Thursday, August 21, 2008

Revs top United, take back East lead

Revs top United, take back East lead


FOXBOROUGH, Mass. -- The New England Revolution returned to the Eastern Conference summit with a 2-1 victory Wednesday against D.C. United at Gillette Stadium.

Taylor Twellman opened the scoring in the 24th minute after a fortuitous bounce presented him with a chance inside of six yards. Jeff Larentowicz doubled the Revolution's lead four minutes after halftime when his swerving drive caught United 'keeper Louis Crayton by surprise. Jaime Moreno drew one back for United in the 69th minute, but United couldn't push on to find the equalizer.

With the win, the Revs returned to first place in the Eastern Conference while United remain tied for fourth place with the New York Red Bulls.

Matt Reis failed to start for the first time in 90 regular season games after picking up an adductor strain in Saturday's 4-0 loss at San Jose. Doug Warren made his first MLS start since Aug. 21, 2005 in Reis' place. Taylor Twellman and Adam Cristman were charged with staking Warren to a much-needed lead.

Without starters Gonzalo Martinez and Gonzalo Peralta, United went with Marc Burch and Devon McTavish in central defense and Mike Zaher on the left hand side of the back four.

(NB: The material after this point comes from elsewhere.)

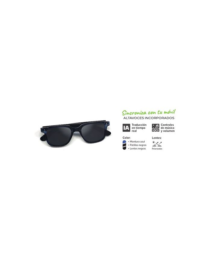 Diseo moderno y resistente, con montura azul y patillas negras. Patillas con muelle metlico flexible, que brindan un ajuste cmodo y duradero. Altavoces integrados con conexin Bluetooth para sincronizar con tu mvil fcilmente. Micrfono incorporado para atender llamadas manos libres con claridad. Controles de msica y volumen integrados en las patillas. Lentes polarizadas con proteccin UV400 contra rayos ultravioleta. Material ligero, ideal para uso prolongado y actividades al aire libre. Batera recargable, con autonoma ideal para varias horas de reproduccin. Carga mediante cable USB. Alcance Bluetooth: hasta 10 metros. Duracin de batera: 34 horas de reproduccin continua. Tiempo de carga: 12 horas.<
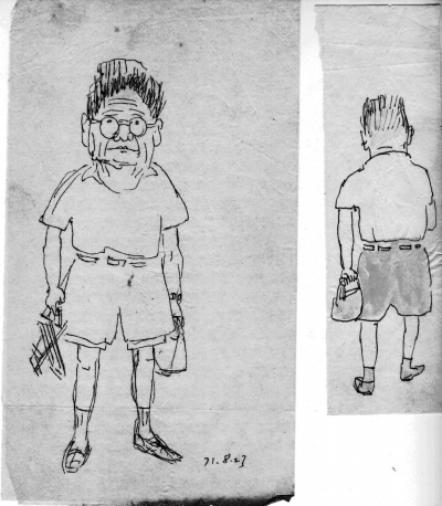 轉(zhuǎn)眼到了今年9月末,我請孔夫子網(wǎng)的同志來收舊書。我父親的外文書和中文書都分別捐給了社科院和現(xiàn)代文學(xué)館,還剩下一些馬列著作沒拿走??粗@幾箱書我犯愁,難道就當(dāng)廢品處理嗎,我不忍??追蜃泳W(wǎng)的劉杰來看過,她認(rèn)為大部分他們可以收走。我如釋重負(fù),為這些書籍能繼續(xù)發(fā)揮作用而高興。就在他們整理圖書做書目時,意想不到的事發(fā)生了:在父親的一本舊書里,發(fā)現(xiàn)了高莽先生的兩幅舊作。那是在干校時高莽先生畫我父親的速寫,一幅畫正面,另一幅是背影。

Marcelo Gallardo remained out with a hernia injury; the more defensive central pairing of Clyde Simms and Joe Vide played instead.

The visitors started the better of the two sides as United attempted to grab an early goal. Despite the early pressure, there wasn't much to show for any of it aside from Vide's long-distance drive past the near post.

From nothing, the Revs claimed the lead on 24 minutes. All it took was a quick outlet pass from Steve Ralston and a surging run from Khano Smith down the left side to unlock United's defense. Smith's low driven cross was driven into the goalmouth, where Cristman slid between Burch's legs as they came across the front of goal. The ball deflected away, but fell to Twellman at the near post, and he didn't miss from inside six yards to give New England the lead.

The Revs pushed onward after the breakthrough. Most of the pressure came down inside United's defensive end, whether through Sainey Nyassi giving Zaher the runaround down the right side or Smith tormenting Namoff on the right.

Cristman went close from his glancing header from a driven Jay Heaps cross that nearly caught Louis Crayton off his line. Then Cristman likely would have liked a better finish to cap a comprehensive move with Ralston again at the hub.

United tried to respond before the break with a long-distance drive from Fred, but the shot ducked just wide around the far post.

Things turned worse for United soon after the second half commenced after New England scored its second. Twellman laid the ball back to Larentowicz for a swerving shot straight down the pipe from 25 yards. Crayton dived right when the ball stayed left and the Revs had their second goal.

United perked up after the second goal with Emilio looking more involved. Fred tried to draw a penalty on the byeline after juking around Heaps, but the referee waved away his arguments as he tumbled to the ground.

Twellman went looking for his second after he pushed through the United back line, but Crayton came out alertly to block at his feet.

The block became even more important minutes later after Moreno chipped Warren to close the deficit. Shalrie Joseph coughed up the ball in his own end and Moreno played Fred through the Revs defense. Heaps slid over to block Fred's shot, but the ball deflected to Moreno. Warren had wandered off his line to cut out Fred's shot and Moreno took advantage and chipped over him.

United continued into the ascendancy through Moreno's persistent prodding. Another diagonal ball opened up space for Quaranta. But the resulting left-footed shot rolled tamely to Warren.

The goal United wanted never arrived, and but for Bryan Namoff's goal line intervention minutes before the end, the scoreline could have been worse.